The final two books I posted on Facebook in response to Caroline’s challenge again represent many more volumes since, like most of the others, each is part of a series - Swallows and Amazons takes me back to my childhood and the simpler world of children, Arthur Ransome’s series of tales of derring do on boats: most set in the Lake District though later we find ourselves in East Anglia, the Norfolk Broads I think. Then another much more grown-up series, Sara Paretsky’s stories of the Chicago private eye V.I.Warshawski. A lot of deep themes around social justice and race equality here tangled with crime and privilege. Sara Paretsky is still alive and a regular Facebook presence, a deeply interesting person in her own right with Jewish and other backgrounds and experiences that inform her writing.

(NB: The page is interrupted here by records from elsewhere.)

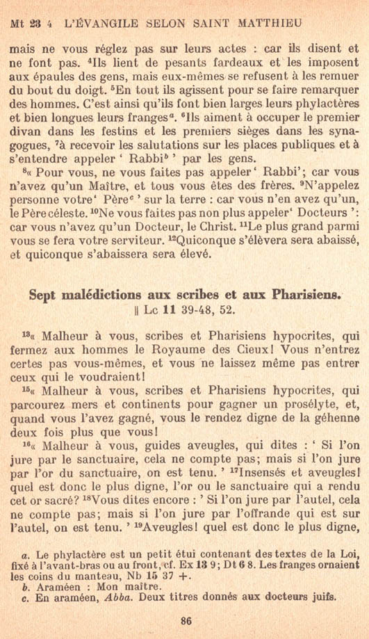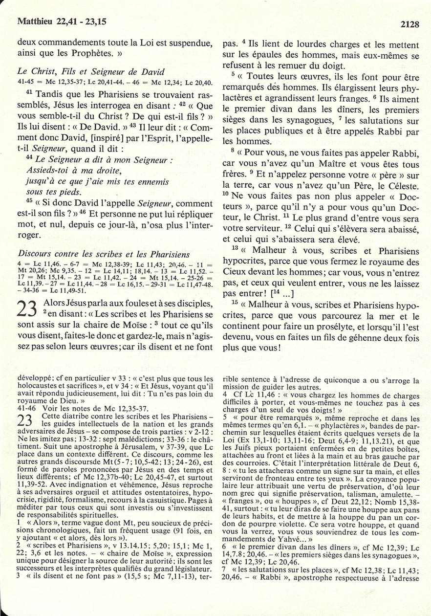 S'il est vrai qu'il y a de la lumière partout, en quantité plus ou moins importante qui peut être recueillie, la grande majorité des Bibles est malhonnête. Les traducteurs ajoutent et retirent autant de mots qu'ils le souhaitent, sans le dire à personne, quand ce ne sont pas des versets entiers. Ils censurent la Parole du Seigneur quand elle dérange leurs visions étroites et ils osent se réclamer de « lui » ! A titre d'exemple, où est passé le verset 14 du chapitre 23 de l'évangile de Matthieu qui se trouve inséré dans les malédictions que Jésus adresse aux scribes et aux Pharisiens hypocrites ? Est-il étonnant que le verset 14 qui a été censuré, soit situé juste après celui-ci :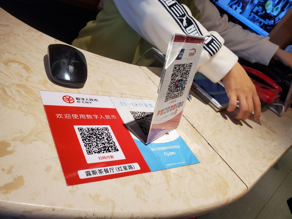春熙路一家餐厅内放置的“数字人民币”支付标识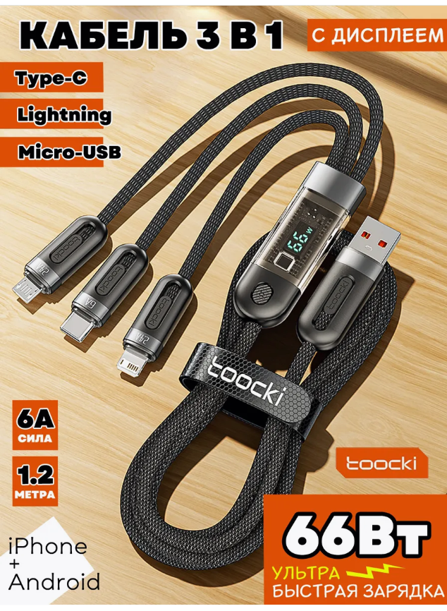 Кабель type-c lightning micro usb быстрая зарядка 3 в 1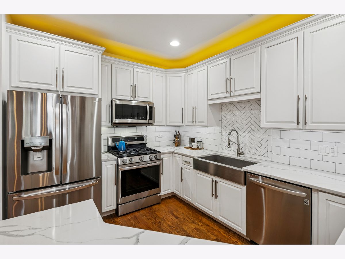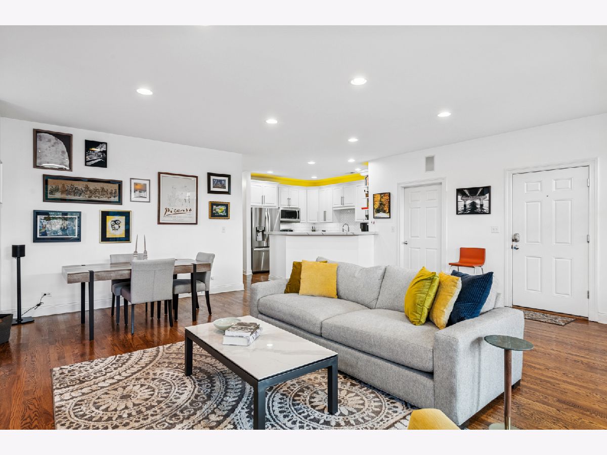 Live at the center of it all-just steps from Google, Randolph Street's renowned dining scene, Fulton Market's energy, and the neighborhood favorites of West Town. The home opens to a spacious living and dining room combination, offering plenty of room to spread out, entertain, or create multiple seating areas. A cozy wood-burning fireplace anchors the space, adding warmth and character-perfect for Chicago evenings. Living room is equipped with surround sound system. The elegantly updated kitchen (renovated in 2017) blends style and function with white cabinetry, quartz countertops, subway tile backsplash, and a farmhouse sink for a timeless look that will outlast the test of styles. Designed for both everyday cooking and entertaining, it seamlessly connects to the open layout. The generously sized primary suite is your private retreat, featuring a spa-inspired en-suite bathroom, shower includes a steam spa and ample space for a king bed, plus additional furnishings. A large private balcony extends your living space outdoors, ideal for grilling [gas grill hook up and is included], dining, or relaxing while overlooking a peaceful, tree-lined street. Floor-to-ceiling windows bathe the home in natural light throughout the day. Ample storage and an included garage parking spot complete this move-in-ready home in one of Chicago's most exciting neighborhoods.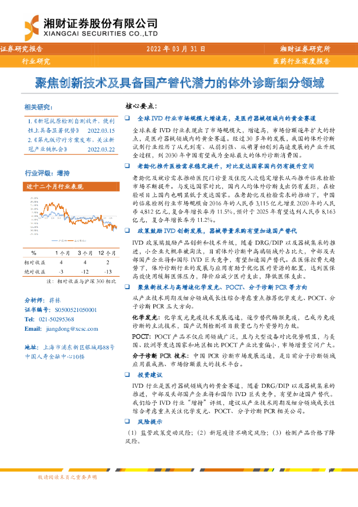 湘财证券:医药行业深度报告:聚焦创新技术及具备国产替代潜力的体外诊断细分领域.pdf

As I was finishing these posts, seeing press stories of cramped unhealthy conditions and restrictions on farm workers supplying supermarkets I was struck by the contrasting images of small-scale self-sufficiency, sometimes romantic, sometimes as with our friend Luc and his garden near Aigues Mortes a practical passion tied to an old family plot on the one hand; and the tough reality and slog of growing things on farms at prices big organisations are willing to pay. Work that only poorly-paid workers from Eastern Europe used to do, but now who knows? Anyway, just now with challenges to name favourite books, and since the best I find often chime with current themes, here’s another one, Marina Lewycka’s Two caravans which  we much enjoyed a few years back.  Her better-known A brief history of tractors in Ukranian is equally entertaining.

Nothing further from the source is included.